AutoGen does not expose one stable state schema across versions. AgentRef
therefore provides explicit helpers for state dictionaries and message-history
payloads instead of monkeypatching Agent classes.

```python
from agentref.adapters.autogen import AutoGenAdapter
from agentref.storage import FilesystemCAS

adapter = AutoGenAdapter(backend=FilesystemCAS("./state_blobs"))

history = adapter.externalize_message_history(
    [{"role": "worker", "tool_result": "large tool output"}],
    threshold_bytes=1024,
)

hydrated = adapter.hydrate_message_history(history)
```

See `docs/autogen_limitations.md` for the integration boundary.

### Storage Backends

Use `FilesystemCAS` for local runs, benchmarks, and run-scoped temporary
storage. Use `PostgresCAS` when checkpoints need persistent storage, TTL
metadata, or operational cleanup.

| Backend | Best for | Lifetime model | Cleanup | Notes |
| --- | --- | --- | --- | --- |
| `InMemoryCAS` | tests and ephemeral demos | process lifetime | process exit | fastest option, not durable |
| `FilesystemCAS` | local runs, benchmarks, run-scoped workflows | directory lifetime | delete the run directory or migrate/prune by hash | simple durable storage, no built-in TTL |
| `PostgresCAS` | production, persistent checkpoints, multi-worker apps | database-managed lifetime | `expires_at` plus `prune_expired()` | TTL metadata, operational visibility, migration aliases |

All backends are passed directly to adapters:

```python
from agentref.adapters.langgraph import LangGraphAdapter
from agentref.storage import FilesystemCAS, InMemoryCAS, PostgresCAS

memory_adapter = LangGraphAdapter(RAGState, backend=InMemoryCAS())
local_adapter = LangGraphAdapter(RAGState, backend=FilesystemCAS("./state_blobs"))
postgres_adapter = LangGraphAdapter(
    RAGState,
    backend=PostgresCAS(
        dsn="postgresql://user:pass@localhost:5432/app",
        backend_id="postgres:agentref",
        default_ttl_seconds=7 * 24 * 3600,
    ),
)
```

`PostgresCAS` stores `created_at`, `last_accessed_at`, and `expires_at`
metadata.
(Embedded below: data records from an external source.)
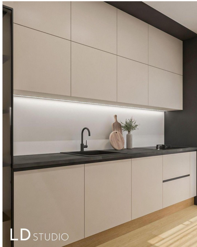
Küche 1 - Planung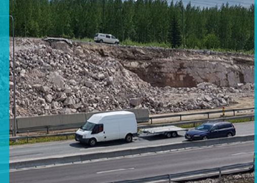
Louhintatyömaa valtatie 4 varrella

VIIKON ONNISTUMISET: Louhintatyöt sujuvat hyvin valtatie 4 varrella.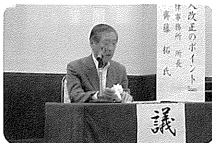
総会で議長を務める嵯峨会長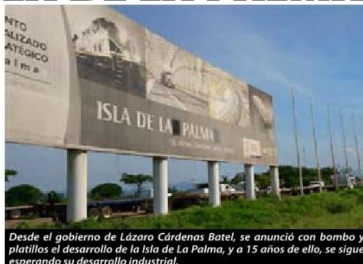
Desde el gobierno de Lázaro Cárdenas Batel, se anunció con bombo y platillos el desarrollo de la Isla de La Palma, y a 15 años de ello, se sigue esperando su desarrollo industrial.

Durante sábado y domingo, según el Consejo Estatal de Seguridad en Salud, en el municipio de Lázaro Cárdenas se registraron 34 y 33 nuevos casos po- ➡ 4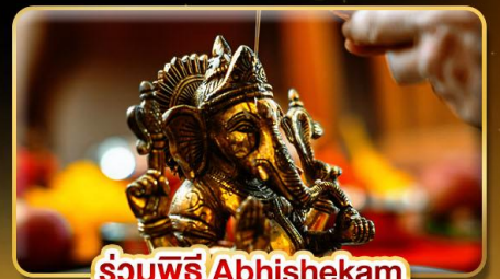
ร่วมพิธี Abhishekam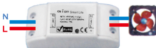
Lemputės prijungimo instrukcija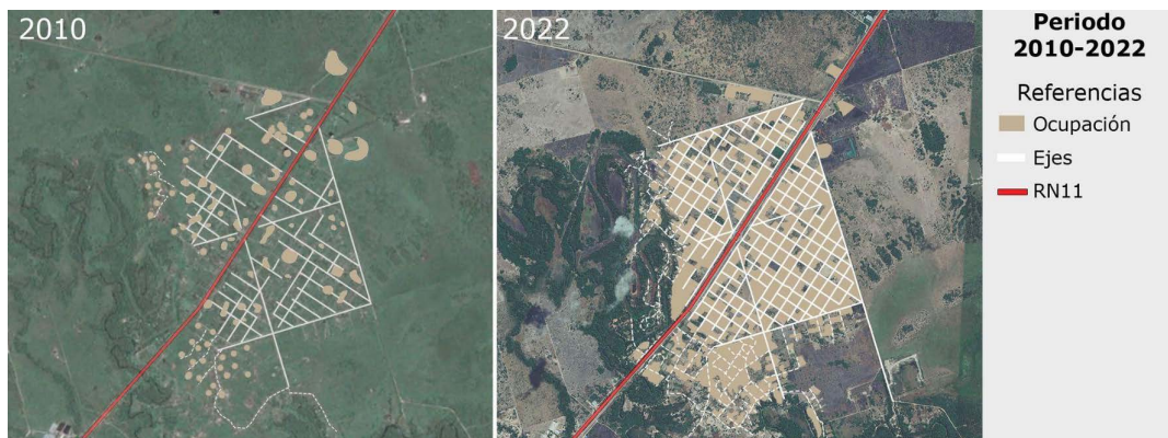
Figura 3. Expansión urbana de 2010 (a) y 2022 (b). Ampliación del ejido urbano.

un recorrido vehicular por la R11. Se observa cómo esta vía de circulación atraviesa la mancha urbana de Villa del Carmen, de esta forma partiendo su mancha urbana. A lo largo de su extensión se ven desarrolladas algunas actividades diversas, las cuales no guardan alguna relación entre sí, como las viviendas (actividad residencial) con estaciones de servicio (equipamiento de ruta) o galpones comerciales. Se aprecia cómo las personas residentes se movilizan desde el sector al área central, ya sea por trabajo, por estudio o incluso para la compra de algún producto en particular (fig. 4b); este tipo de flujo es constante no sólo con Villa del Carmen, sino que se repite con los otros sectores también incorporados.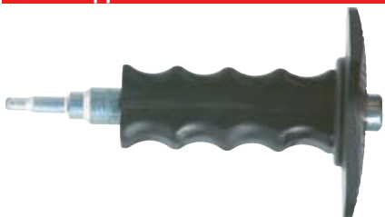
Установочный инструмент FZED plus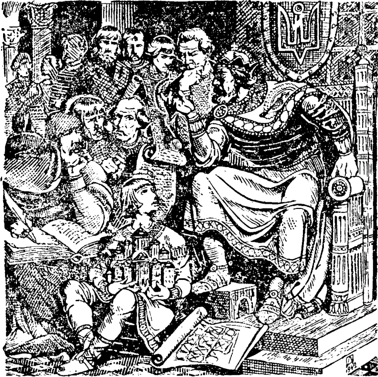
Князь Ярослав Мудрий видає закони

— І перепишемо, і перекладемо — зрадів о. Іларіон. — Великі твої заслуги, княже Юріє Ярославе, — говорить о. Іларіон. — Сама св. Софія, що ти на її честь величну церкву збудував, прославляти тебе буде по віки вічні.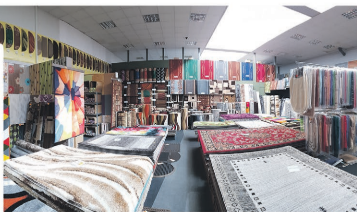
SKLEP DYWANIK BOGATA OFERTA DYWANÓW, WYKŁADZIN I CHODNIKÓW TEL. 515 514 231, SKLEP@HAYDUK.PL

Expired payloads are removed explicitly with `backend.prune_expired()`;
AgentRef does not delete referenced objects automatically.

Existing filesystem payloads can be copied into Postgres without rewriting old
checkpoints by configuring the Postgres backend with the old backend id as an
alias:

```python
from agentref.storage import FilesystemCAS, PostgresCAS, migrate_cas

old = FilesystemCAS("./state_blobs")
new = PostgresCAS(
    dsn="postgresql://user:pass@localhost:5432/app",
    backend_id="postgres:agentref",
    backend_aliases=[old.backend_id],
)

migrate_cas(old, new)
```

## Invariants

The test suite covers these core invariants:

- externalized payload bytes do not appear in checkpoint bytes
- identical payloads produce identical content hashes
- oversized inline values raise `InlineSizeExceeded`
- checkpoint round trips preserve hydrated values
- ambiguous framework auto-detection raises a clear error
- older checkpoints can hydrate externalized values while CAS content exists

## Examples

- `examples/langgraph_rag.py`
- `examples/llamaindex_research_workflow.py`
- `examples/autogen_multi_agent.py`

Each example avoids importing optional framework packages at module import time,
so the repository can be imported and tested without installing every framework.